I just removed the redistribution statement and added it back in and now I'm seeing the tag info when doing a "sh ip cef x.x.x.x detail"

Which is a little strange... but I'll look into that a bit more.

This is from R4

sh ip cef 192.168.89.1 detail

192.168.89.0/24, epoch 0, flags need ps clean

local label info: global/664

nexthop 10.17.60.45 GigabitEthernet0/1.41 label 17

The nexthop IP is R3 - is this correct or should it be R1 (which is where the 192.168.89.1 IP exists)?

For my own undertanding, without the "redistribute connected subnets" and mpls enabled on the interface facing the next router should the tag/label information distributed be sufficient to allw end-to-end connectivity?

Thanks again,

Jonathan

Peter Paluch · ‎10-14-2013

Hi Jonathan,

With regards to the loopbacks, I have each router configured with a /32 and also configure them as a /32 in the ospf config.

Very well.

I just removed the redistribution statement and added it back in and now I'm seeing the tag info when doing a "sh ip cef x.x.x.x detail"

Which is a little strange... but I'll look into that a bit more.

This looks like a bug. If all you did was remove and reenter the redistribute connected then this suggests a nondeterministic behavior which is out of question for OSPF/MPLS.

sh ip cef 192.168.89.1 detail

192.168.89.0/24, epoch 0, flags need ps clean

local label info: global/664

nexthop 10.17.60.45 GigabitEthernet0/1.41 label 17

The nexthop IP is R3 - is this correct or should it be R1 (which is where the 192.168.89.1 IP exists)?

The next hop is okay. MPLS works in conjunction with normal routing: the routing table tells you who is the next hop for a particular destination, so you label the packets for that destination using the particular label value suggested by the particular next hop for that destination, and send the packets towards that next hop.

For my own undertanding, without the "redistribute connected subnets"  and mpls enabled on the interface facing the next router should the  tag/label information distributed be sufficient to allw end-to-end  connectivity?

I am not sure if I entirely understand this scenario but let's put it this way: with MPLS, you still have a routing table so you can still use it. If you receive an unlabeled IP packet and you can find a destination network in your routing table then by all means, you will simply route that packet through the appropriate next hop.
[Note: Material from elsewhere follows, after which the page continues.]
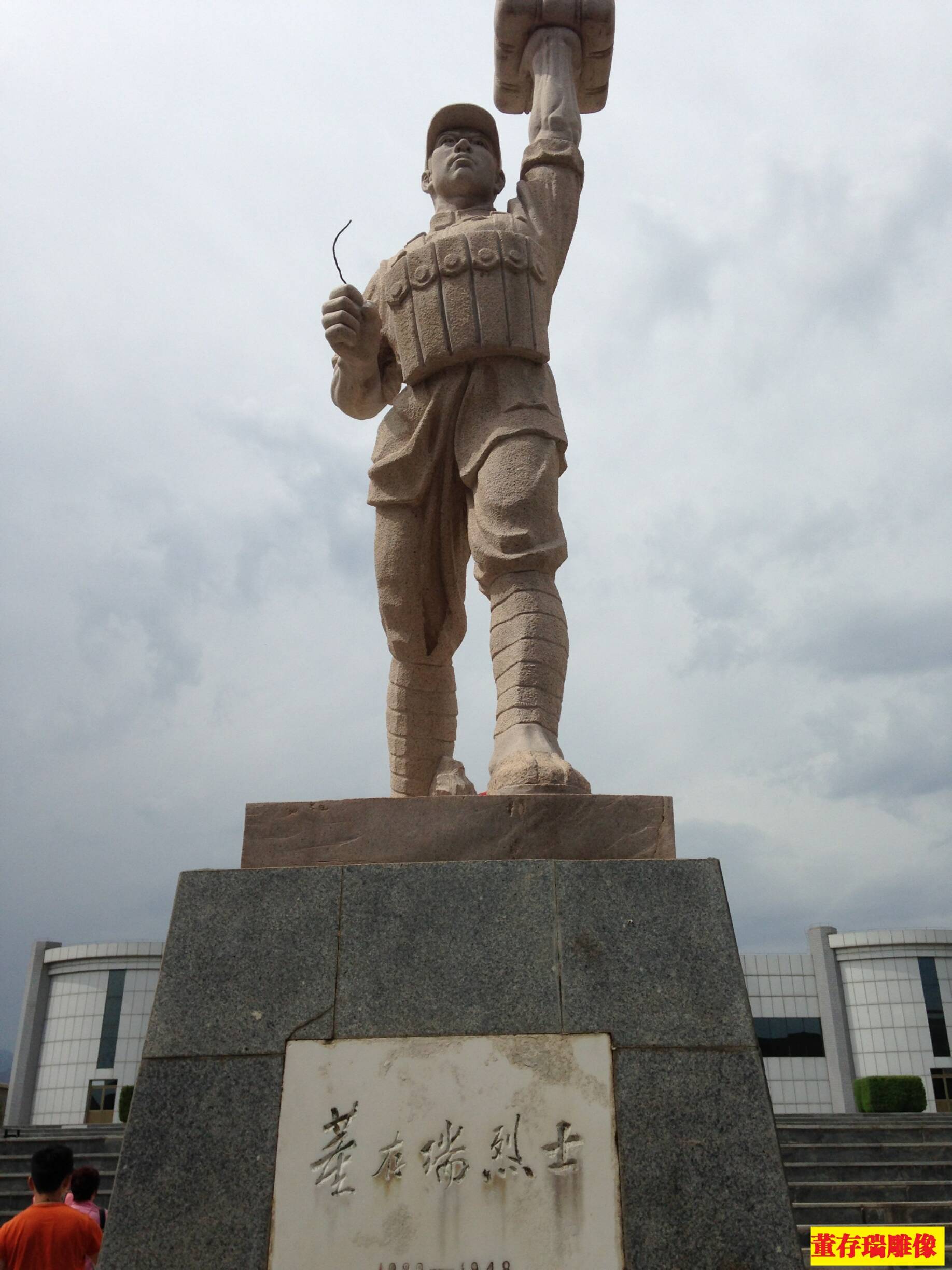 当我们还在感慨之时,北粉年轻小伙子们已经悠哉到眼前,更是提前的结束,一小时的景点旅游在勇敢者的面前仅仅40分钟就告以结束。让我们在路途上不到12点结束了午饭时间,进而向本次旅游的终章“董存瑞纪念馆”进发。“董存瑞纪念馆”地处河北省张家口市怀来县存瑞镇南山堡村,数十年来千千万万的人们怀着崇敬的心情踏入此处来缅怀对英雄的纪念。百十公里的路途在经过两小时的颠簸后不期而遇,迎目而入的是英雄董存瑞生命最后一刻托举炸药包的伟岸身姿,耸立的雕像直入纪念馆前方,先前欢快的气氛早已凝结为对英雄的肃穆和尊崇。董存瑞(1929年——1948年),河北省张家口市怀来县人,出身于贫苦农民家庭,当过儿童团长,1945年8月参加八路军,1947年3月加入中国共产党。1948年初春担任中国人民解放军东北野战军第11纵队32师96团2营6连2排6班班长。先后荣立大功三次、小功四次,荣获勇敢奖章三枚、“毛主席奖章”一枚。1948年5月25日,在解放隆化县的战斗中英勇牺牲,当时未满19岁……。

If, in addition, you also know an MPLS label value from that next hop, you will also add that label while you forward the packet to the next hop.

Please feel welcome to ask further!

Best regards,

Peter

jonathan johnson · ‎10-14-2013

Hi Peter,

Thanks for your reply.

I think I might be almost there with my understanding.

Just to clarify my last question. In all of the example configurations that I've seen by Cisco, they do not have the "redistribute connected subnets" command configured in their OSPF section.

However, if I remove the "redistribute connected subnets", I lose connectivity to the interfaces on the router where I removed the command from. My network appears to need to the redistribute commands in ospf to maintain end to end connectivity.

I was under the impression that MPLS would lookup the destination host in its forwarding table, find the label and sent the packet on it's way.

Thanks again,

Jonathan

Peter Paluch · ‎10-14-2013

Jonathan,

In all of the example configurations that I've seen by Cisco, they do not have the "redistribute connected subnets" command configured in their OSPF section.

However, if I remove the "redistribute connected subnets", I lose connectivity to the interfaces on the router where I removed the command from. My network appears to need to the redistribute commands in ospf to maintain end to end connectivity.

The example documents by Cisco most probably do not use the redistribute connected subnets because instead, they include the connected networks into OSPF using the network command. The network command is the preferred way.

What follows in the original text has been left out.